The origins of the term are somewhat obscure, but it is first noted in historical records in the 16th century, when Henry VIII besieged Pope Clement VII with around eighty or so petitions for the annulment of his marriage to Catherine of Aragon.

A photo of the petitions from Cardinal Wolsey and others, now stored in the Vatican archives, can be seen on page 106 of "Saints and Sinners, a History of The Popes", by Eamon Duffy (published by Yale University Press in 1997).

The pile of documents can be viewed in all their glory, rolled and stacked in original condition, each one sealed and bound with the obligatory red tape, as was the custom.

The tradition continued through to the 17th and 18th century. Although Charles Dickens is believed to have used the phrase before Thomas Carlyle, the English practice of binding documents and official papers with red tape was popularised in the writings of Carlyle protesting against official inertia with expressions like "Little other than a red tape Talking-machine, and unhappy Bag of Parliamentary Eloquence".

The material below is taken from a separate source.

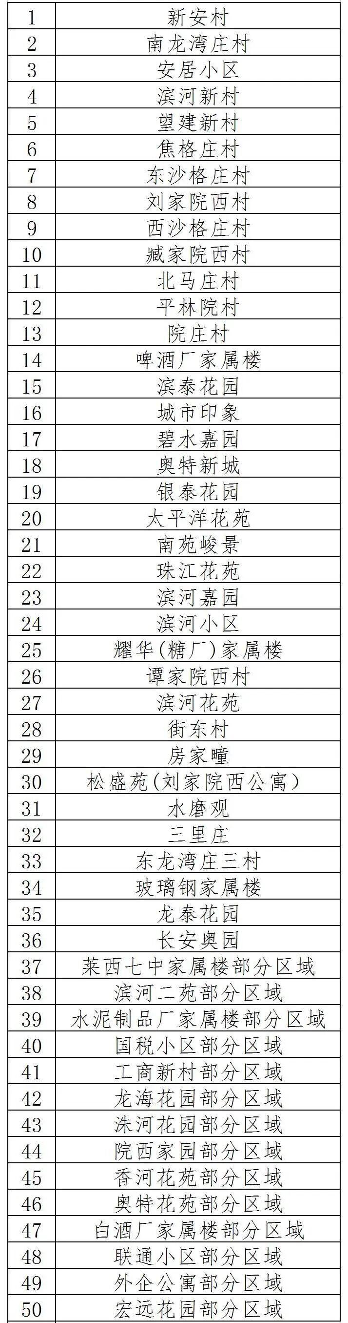 莱西市龙水社区管控区、防范区调整名单

To this day, most barristers' briefs are tied in a pink-coloured ribbon known as "pink tape" or "legal tape". Government briefs are usually bound with white tape, introduced as an economy measure to save the expense of dyeing the tape red. Traditionally, official Vatican documents were also bound in red cloth tape.

All American Civil War veterans' records were bound in red tape, and the difficulty in accessing them led to the current use of the term, but there is evidence (as detailed above) that the term was in use in its modern sense sometime before this.

Although grief over red tape is often seen as a right-wing conviction,[citation needed] Karl Marx wrote about the phenomenon of changing from one person in control of a complete task, to having multiple people each with specialties in specific tasks.

He saw this occurring as society shifts from a Seigneurial system to a capitalist system. Although Marx drew different conclusions about this trend, it is often this abstraction among workers that is the source of red tape. This interpretation would explain why it is often perceived that the presence of red tape is increasing.